Alien Object Lands in Front Lawn - Is It A Bomb Or A Balloon?

Amanda Kinseth

When Brent Medley came home from work, he thought a bomb had landed in his yard.

“I didn't know if someone was trying to pull a prank on me,” says Medley. “I couldn't tell what was going on, so I got out to investigate.”

His curiosity just led to more fear. “The first tag I saw was a warning, ‘Do Not Touch,” says Medley. “It said it could explode, so I thought, we might have a situation on our hands.”

Disregarding pleas from a scared family, Medley picked up the foreign object. It turned out to be a weather balloon made in Finland.
“So I don't know how long it's been in the atmosphere, but there's a balloon that keeps it afloat, and the rubber's very thick,” says Medley.

The National Weather Service says the balloon popped when it reached 100,000 ft in the atmosphere. Bill Newman of the National Weather Service in Topeka says before it broke, it expanded to the size of a garage. “As the balloon goes up, it expands as the pressure decreases,” says Newman.
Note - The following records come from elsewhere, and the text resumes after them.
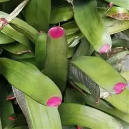 观赏凤梨小规模生产和家庭栽培,一般采用蘖芽扦插。观赏凤梨原株开花前后基部叶腋处产生多个蘖芽,待蘖芽长到10厘米左右,有3-5片叶时,用利刀在贴近母株的部位连短缩茎切下,伤口用杀菌剂消毒后稍晾干,蘸浓度为300-500毫克/千克的萘乙酸,扦插于珍珠岩、粗沙或培养土中,保持基质和空气湿润,并适当遮荫,1-2个月后即有新根长出,可转入正常管理。注意蘖芽太小时扦插不易生根,极易腐烂;太大时分株,消耗营养太多,降低繁殖系数。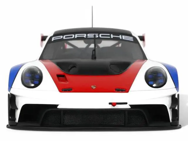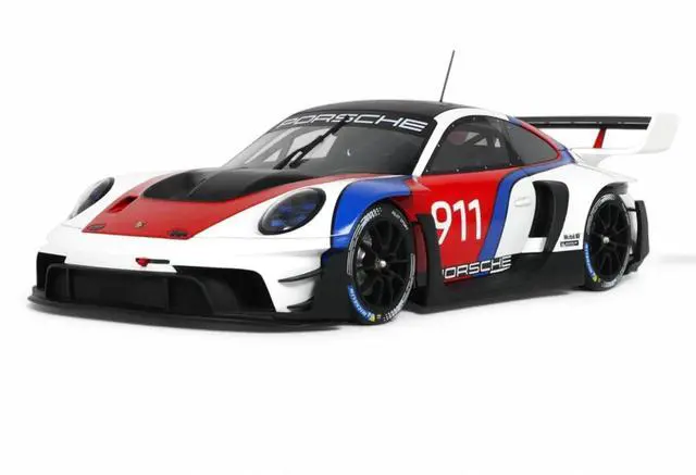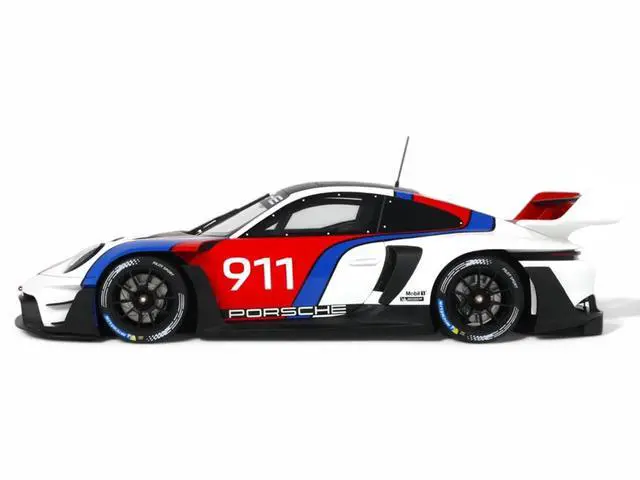 Brand new 1/18 scale car model of 2023 Porsche 911 (992) GT3 R Rennsport White with Black Top and Red and Blue Graphics model car by GT Spirit.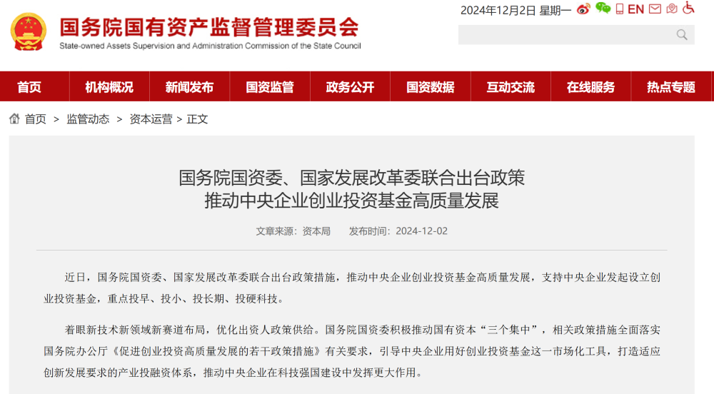 国务院国资委12月2日发布的信息显示,近日,国务院国资委、国家发展改革委联合出台政策措施,推动中央企业创业投资基金高质量发展,支持中央企业发起设立创业投资基金,重点投早、投小、投长期、投硬科技。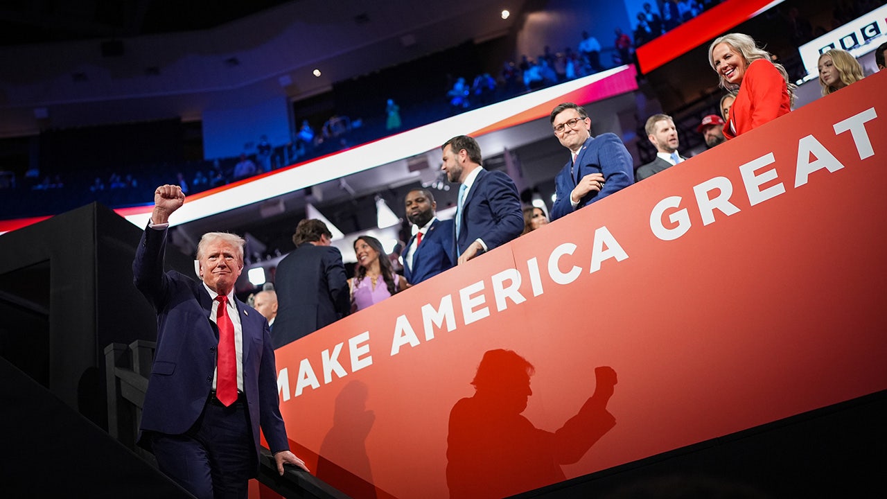 Republican presidential candidate former President Donald Trump and Republican vice presidential candidate Sen. JD Vance, R-Ohio sign paperwork to officially accept the nominations, as former first lady Melania Trump, Usha Chilukuri Vance and House Speaker Mike Johnson watch during the final day of the Republican National Convention at the Fiserv Forum in Milwaukee, Wisconsin on Thursday, July 18, 2024.Â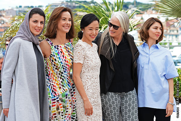 Члены жюри Каннского фестиваля (слева направо):актриса Лейла Хатами, актриса Кароль Буке, актриса Чон До Ен, режиссер и председатель жюри конкурса Джейн Кэмпион, режиссер София Коппола во время фотоколла перед церемонией открытия.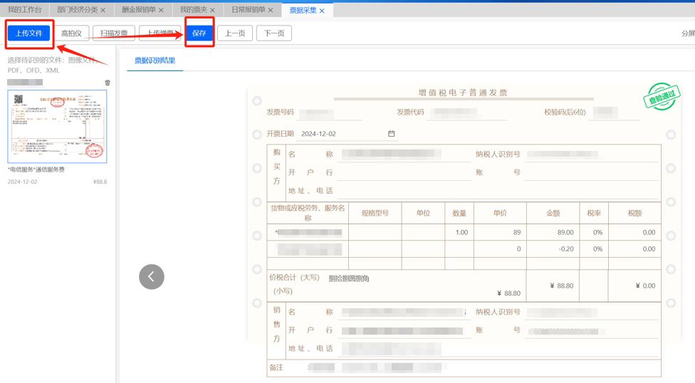 進(jìn)入頁面后點(diǎn)擊上傳文件,查驗(yàn)通過后點(diǎn)擊保存(識別確認(rèn)無誤,折疊票等紙質(zhì)發(fā)票可能存在印章遮擋檢驗(yàn)碼等情況造成查驗(yàn)失敗)。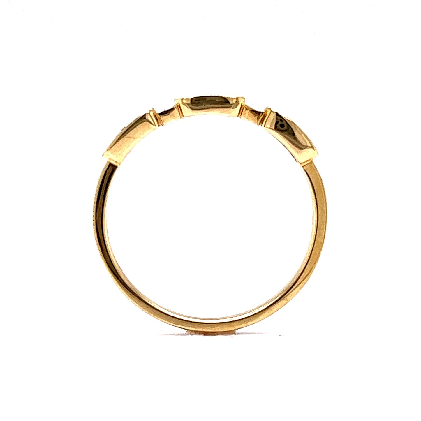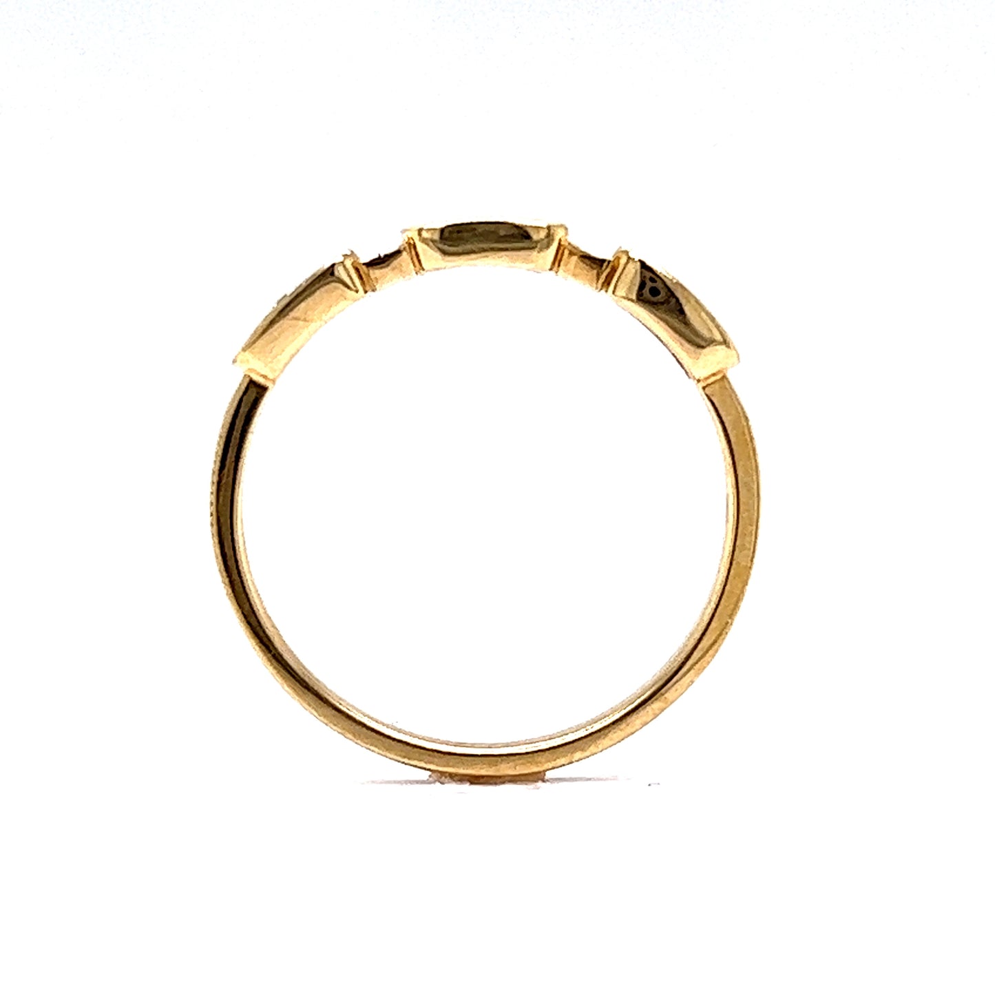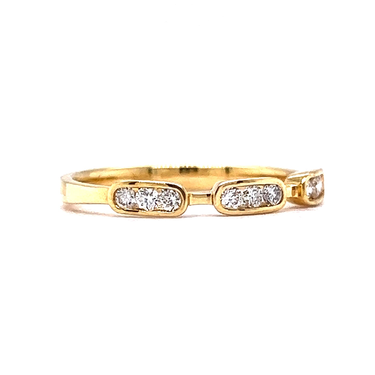 .20 Diamond Wedding Band in 18k Yellow Gold. This modern wedding band features .20 carats of diamonds finished in radiant 18 karat yellow gold. Nine (9) .022 carat near colorless diamonds are channel set in bold bezel mountings. Punctuating the ring for added texture and style, the bezels are finished on a flat profile, 18k yellow gold band. This chic ring can be worn as a wedding band or modern stacking ring!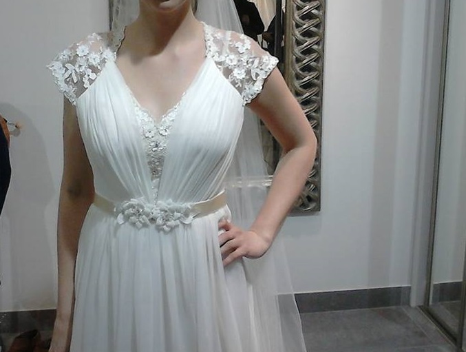 Mam do sprzedania nową suknię ślubną. Suknia była wkładana tylko podczas przymierzania. Suknia jest śliczna, w greckim stylu z trenem, który można elegancko schować. Suknia jest w rozmiarze 40, ale w cenie możliwe są drobne poprawki. Na zdjęciu widnieje welon jednak nie jest on w tej ofercie. Szczerze polecam :)

“It was eventually going to come down,” says Medley. “It just happened to come down here.”

The hydrogen balloon was actually launched from Topeka, and Newman says it’s rare it landed so close.
“Most of the balloons we would launch travel 100 miles to east of here because of high winds,” says Newman.
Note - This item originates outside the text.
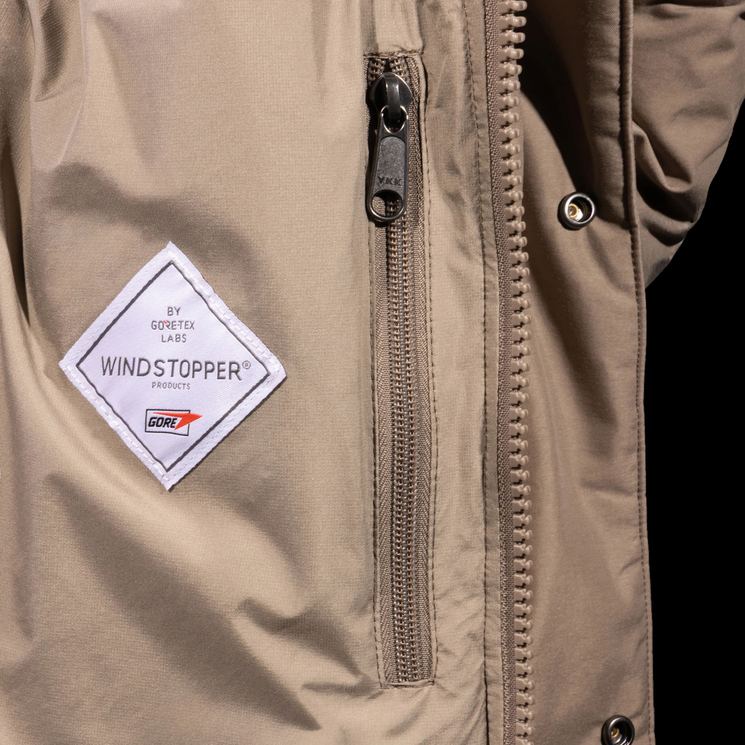 表地は30デニールのePE GORE-TEX WINDSTOPPERを採用し、高い防風性を追求。中わたには高い保温性を確保するリサイクルダウン。

For Brent, it's just a relief. “Warning and explode were the first two things I saw,” says Newman. As his family bags the device to mail back to the government, it's an interesting end to a first-frightening discovery.

The hydrogen balloons are harmless after they're popped. The National Weather Service collects temperature, winds and pressure information via radio waves while the balloon floats through the atmosphere.